Another definition was put forward by industry analyst Michael Fauschette: “Social CRM is the tools and processes that encourage better, more effective customer interaction and leverage the collective intelligence of the broader customer community with the intended result of increasing intimacy between an organization and its prospects and customers. The goal is to make the relationship with the customer more intimate and tied to the company by building a public ecosystem to better understand what they want and how they interact with the various company touchpoints like sales, customer service, etc…”

Phew. A lot of words. And, when all is said and done, it probably doesn’t matter how it’s defined as much as how you understand and apply it to your situation. What’s important is to agree that social media are not a simple alternative communication channel – a tube through which you push out messages. They represent a fundamental change in the way consumers – some of them your customers – interact with each other and you. If you believe that consumers who use social media are communicating differently and want you to do the same, then you must agree that a unique set of responses has to be developed into the company’s culture. Responses that create, as Fauchette says, “…increasing intimacy between an organization and its prospects.”

CRM versus sCRM

A traditional CRM process is based on hardware, software and processes that originate inside the company and reach out to essentially “plant, grow, harvest and re-seed” relationships. Promises are made, gifts are exchanged, messages are pushed out, behaviors tracked. There are varying degrees of intimacy in the relationship, but it is always controlled by the marketer. It’s really not collaborative.

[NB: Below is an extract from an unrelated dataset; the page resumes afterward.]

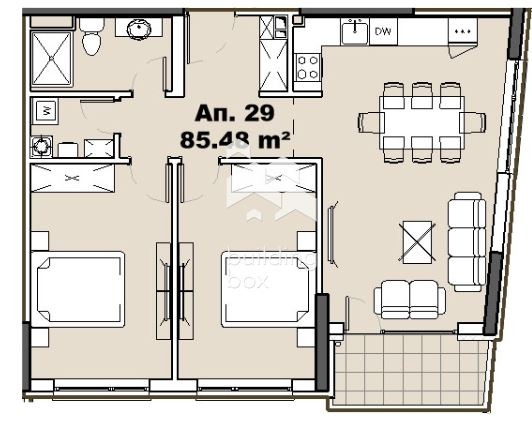 Имотът е с много добро разпределение, със застроена площ от 85.48 кв.м. Състои се от дневна с кухненски бокс, 2 спални, баня с тоалетна, тераса, склад и коридор. Изложението на апартамента е юг-изток. Сградата ще се отоплява на газ и климатици.
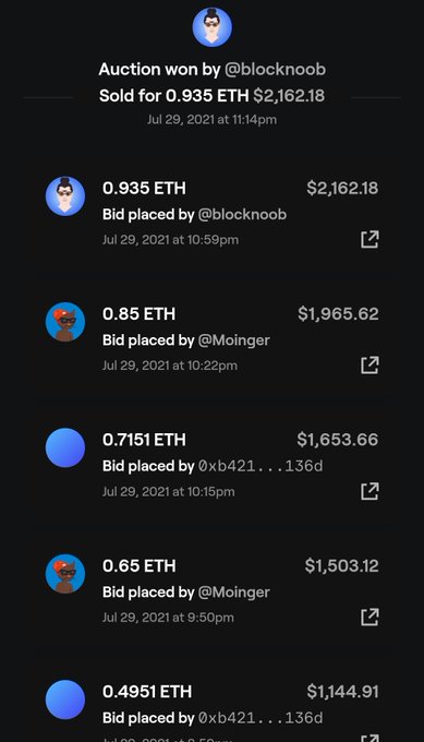 This turned out so unexpectedly and so amazing.. Watching this auction was incredible!! I want to say thanks to @BENDAVE90283164 for starting the bid and continuing to participate through out the auction.. And also @BenMoinger for his bids.. And finally @blocknoob_ for winning 💜

An sCRM program is collaborative and typically driven by the customer. The customer is the focal point of how the organization [and the CRM] operates. Marketing and messaging isn’t pushed out to customers; the company actually talks with them, invites their collaboration on solving marketing, or product issues, empowers them to shape their own experience and lets the customer build the kind of relationship they want. Whereas traditional CRM programs attempt to draw the customer closer to the enterprise, sCRM recognizes the customer is already there and sharing their own experience, views and demands with other customers and prospective customers. So, the company, through sCRM is simply attempting to listen in on the experience and – with care – maybe even jumping into the conversation themselves.

Industry experts are quick to caution that sCRM is an evolution of CRM, not a replacement for it.

Launching sCRM

Whether we admit it or not, most companies are having a problem keeping up with the social media phenomenon. Customers and prospects use social media to share their opinions and experiences 24/7. The buzz is constant and companies have a difficult time staying current; staying constructively engaged; staying responsive. Customers are accustomed now to getting what they want – a response, an apology, an invitation, a kind word – when they want it. They don’t really care if they’ve connected with the right department. They simply want the right resolution.

As a starting point, we need to understand what the term “Social Customer” means. One word that really gets used a lot in social marketing and social CRM is intimacy: an abiding understanding of each other – brand and customer – at an emotional level, a shared vision leading to shared expectations. In order to develop that level of intimacy, Maria Ogneva, former Director of Social Media at Attensity – a social media platform – offers the following advice. She urges businesses to do four big things and do them consistently, with customer conversations:

1.     Listen
2.     Analyze
3.     Relate
4.     Act

Chess Media Group offers the schematic shown below to identify how all this might come together in the company, starting with community and ending with response. Clearly, a chart like this looks very different when describing traditional CRM. Particularly with the addition of the “listening tool.”

Of course, in the end the customer wants what the customer has always wanted. A perfect transactional experience, with a perfect ownership experience and a balanced relationship with the brand. With sCRM – and access to social media communities – the customer is darned well going to get all that. With you, or in spite of you.